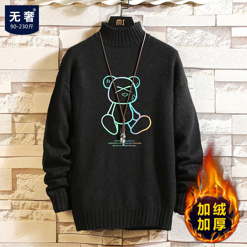Утепленный трендовый базовый шерстяной свитер, высокий воротник, в корейском стиле, оверсайз
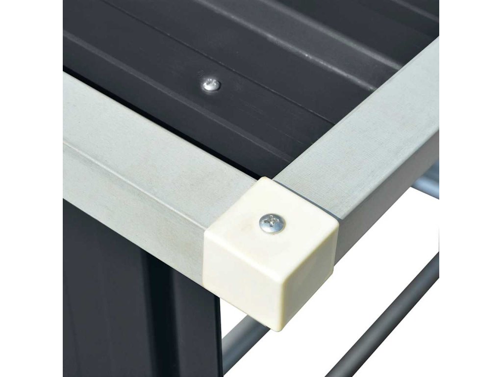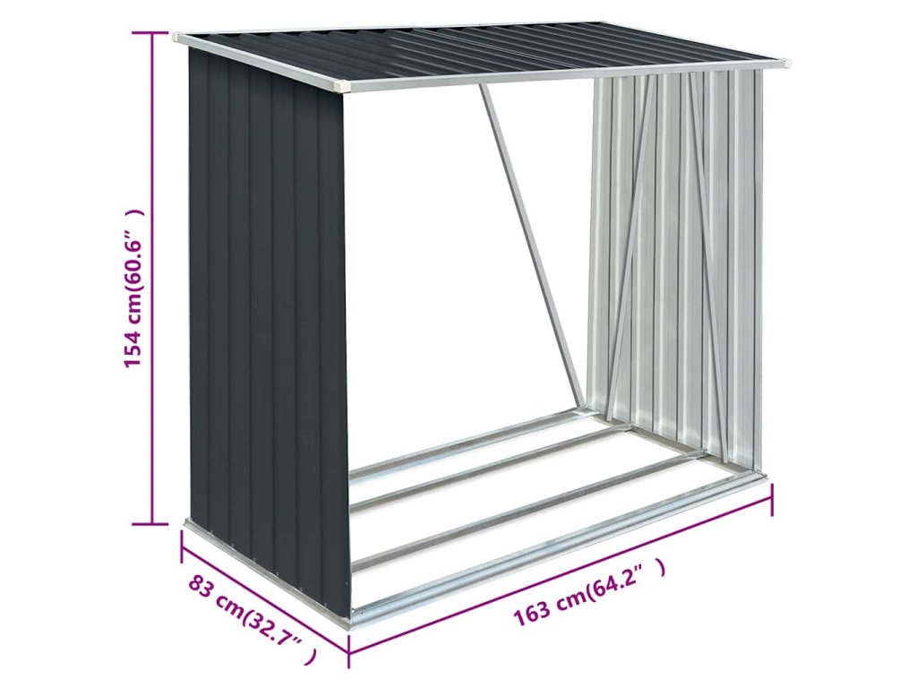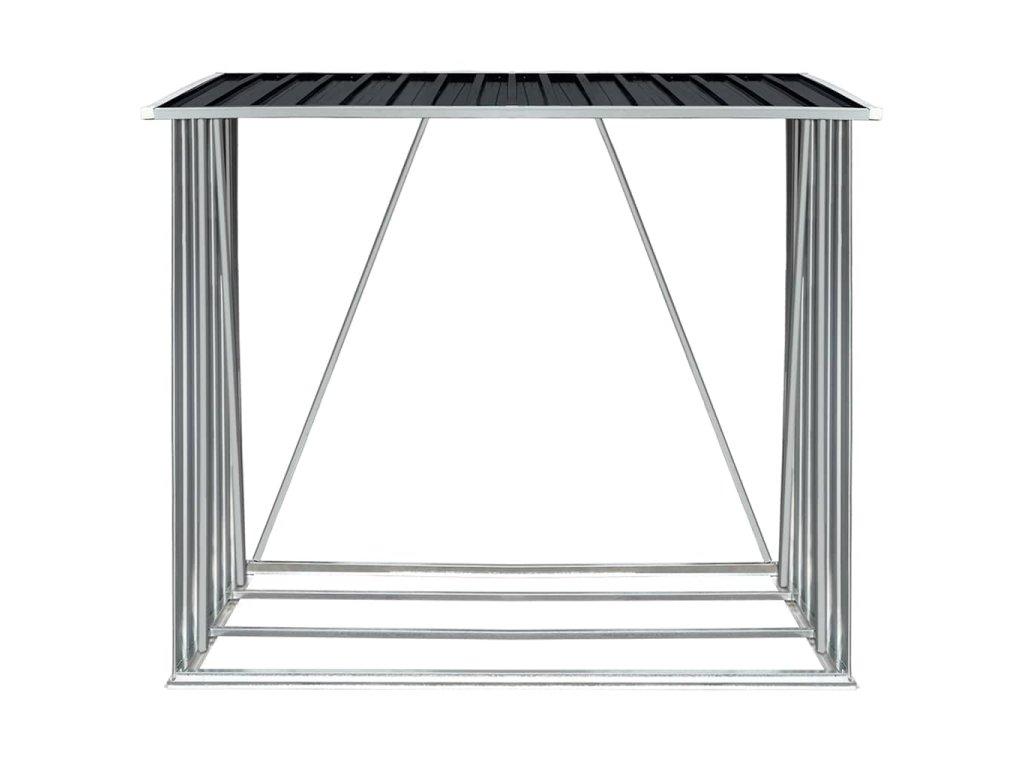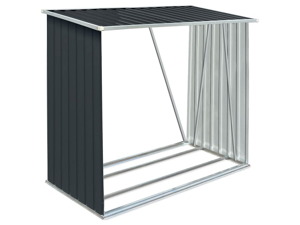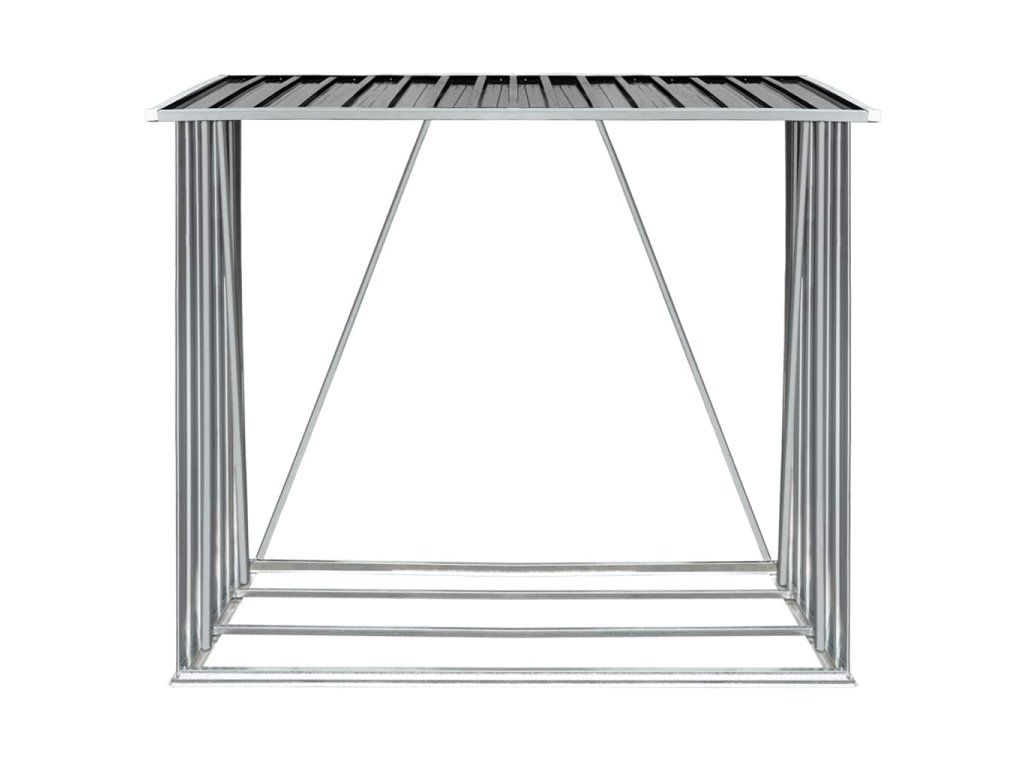 Má stabilní konstrukci s ocelovými nosnými tyčemi a přídavnými trubkami na obou stranách. Díky tomu, že je vyroben z pozinkované oceli, vyžaduje skladovací domek na dřevo minimální údržbu a je velmi odolný. Tento skladovací domek na dřevo má ocelový podlahový rám pro větší stabilitu a zvýšené podlahové latě, které udržují polena větraná a suchá. Dešťová voda bude díky šikmé konstrukci automaticky odváděna ze střechy. Náš skladovací domek na dřevo se snadno montuje.
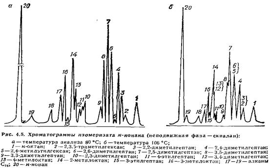 Отогнанную на ректификационной колонке фракцию анализируют при температурах 80 и 1060 С на той же колонке с неподвижной жидкой фазой — сквалан, на которой анализировалась первая фракция. При указанных температурах снимают хроматограммы фракции бензина 125—150 °С и изомеризата н-нонана.
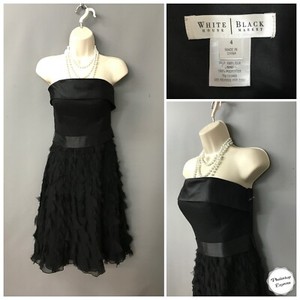White House Black Market Black Silk Ruffled Strapless Occasion Dress UK 8 US 4
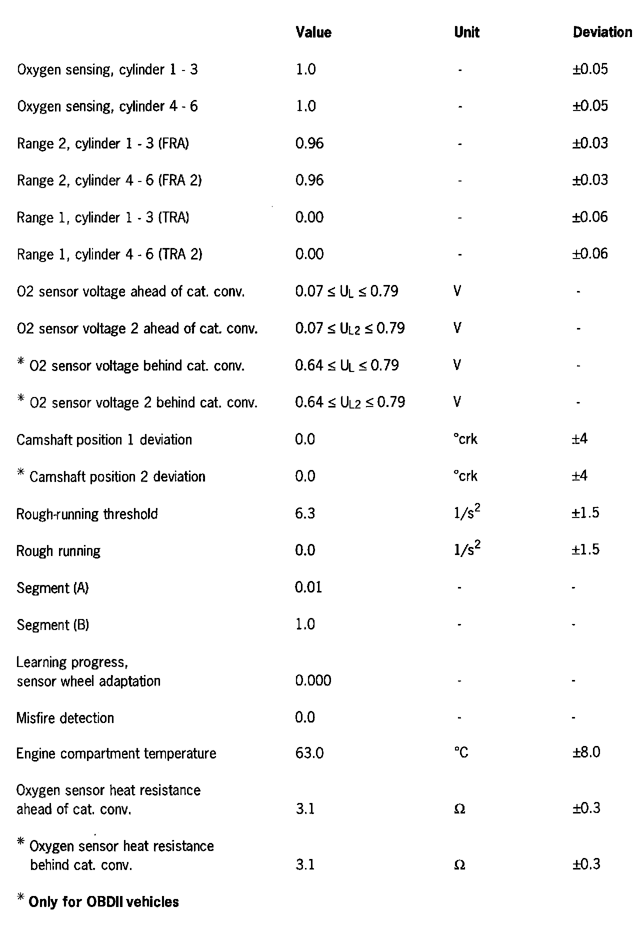 Different values can result from diagnosis in the workshop because of mileage and environmental influence. For DME diagnosis, it is important to look at several values simultaneously and in a collective group during troubleshooting.
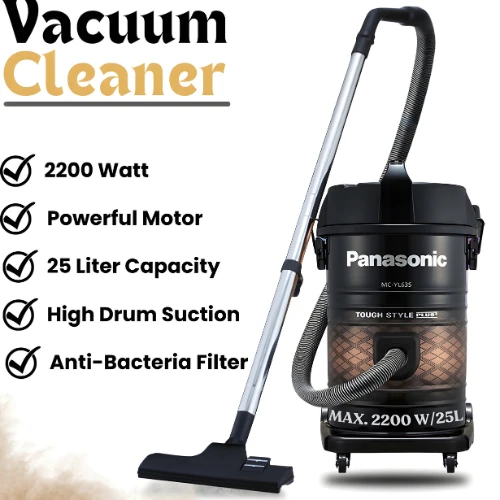 Power through messes big and small with the Panasonic SG-133 Vacuum Cleaner – your go-to solution for deep, thorough cleaning. With a massive 25-liter capacity and a high-performance motor, this vacuum handles everything from fine dust to debris with ease. Whether you're cleaning carpets, tiles, or hardwood, its powerful suction, durable drum body, and easy mobility make it perfect for both home and commercial use. The 220–240V operation ensures strong, reliable performance with every use.
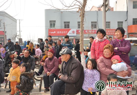 村民們非常喜歡看戲,早春的天氣還有些冷,但不到8點,鎮駐地周圍的村民們就扶老攜幼,陸續趕到鎮駐地蘇果超市門口臨時搭起的舞臺前。很多年輕人幫父母提拿小凳子趕來,希望占個中間位置。來得晚的,就只能站在后面看了。戲臺前和左右兩邊都圍滿了聽眾,遠處還有人在不斷趕來。村民老劉說, 他是陪著爹娘和閨女、媳婦一家五口來看戲的。能在自己家門口看到這樣的京劇大戲,他覺得很高興:“我已經看了15年咱周營鎮京劇票友協會的演出了,每次票友藝術節我都來,雷打不動。他們戲唱得很好,俺村的人都喜歡看。”
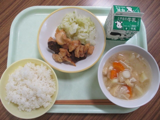 ごはん、牛乳、鶏肉とレバーのあまからめ、そえ野菜、五目みそ汁
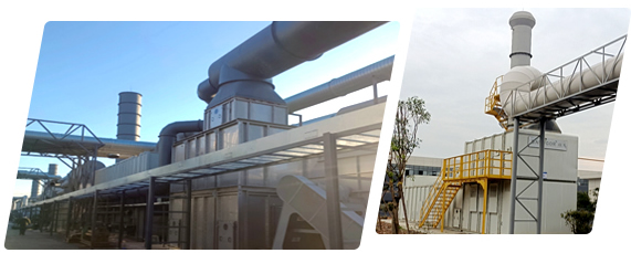 技術(shù)難點:塑膠加溫后廢氣含高沸點物質(zhì),氣體溫度較高;危廢倉庫廢氣成分復(fù)雜,含有鹵素
::::::::::
#### Your objective
Print the records above again exactly. Leave out the images.

#### Exercise response
Утепленный трендовый базовый шерстяной свитер, высокий воротник, в корейском стиле, оверсайз
 Má stabilní konstrukci s ocelovými nosnými tyčemi a přídavnými trubkami na obou stranách. Díky tomu, že je vyroben z pozinkované oceli, vyžaduje skladovací domek na dřevo minimální údržbu a je velmi odolný. Tento skladovací domek na dřevo má ocelový podlahový rám pro větší stabilitu a zvýšené podlahové latě, které udržují polena větraná a suchá. Dešťová voda bude díky šikmé konstrukci automaticky odváděna ze střechy. Náš skladovací domek na dřevo se snadno montuje.
 Отогнанную на ректификационной колонке фракцию анализируют при температурах 80 и 1060 С на той же колонке с неподвижной жидкой фазой — сквалан, на которой анализировалась первая фракция. При указанных температурах снимают хроматограммы фракции бензина 125—150 °С и изомеризата н-нонана.
White House Black Market Black Silk Ruffled Strapless Occasion Dress UK 8 US 4
 Different values can result from diagnosis in the workshop because of mileage and environmental influence. For DME diagnosis, it is important to look at several values simultaneously and in a collective group during troubleshooting.
 Power through messes big and small with the Panasonic SG-133 Vacuum Cleaner – your go-to solution for deep, thorough cleaning. With a massive 25-liter capacity and a high-performance motor, this vacuum handles everything from fine dust to debris with ease. Whether you're cleaning carpets, tiles, or hardwood, its powerful suction, durable drum body, and easy mobility make it perfect for both home and commercial use. The 220–240V operation ensures strong, reliable performance with every use.
 村民們非常喜歡看戲,早春的天氣還有些冷,但不到8點,鎮駐地周圍的村民們就扶老攜幼,陸續趕到鎮駐地蘇果超市門口臨時搭起的舞臺前。很多年輕人幫父母提拿小凳子趕來,希望占個中間位置。來得晚的,就只能站在后面看了。戲臺前和左右兩邊都圍滿了聽眾,遠處還有人在不斷趕來。村民老劉說, 他是陪著爹娘和閨女、媳婦一家五口來看戲的。能在自己家門口看到這樣的京劇大戲,他覺得很高興:“我已經看了15年咱周營鎮京劇票友協會的演出了,每次票友藝術節我都來,雷打不動。他們戲唱得很好,俺村的人都喜歡看。”
 ごはん、牛乳、鶏肉とレバーのあまからめ、そえ野菜、五目みそ汁
 技術(shù)難點:塑膠加溫后廢氣含高沸點物質(zhì),氣體溫度較高;危廢倉庫廢氣成分復(fù)雜,含有鹵素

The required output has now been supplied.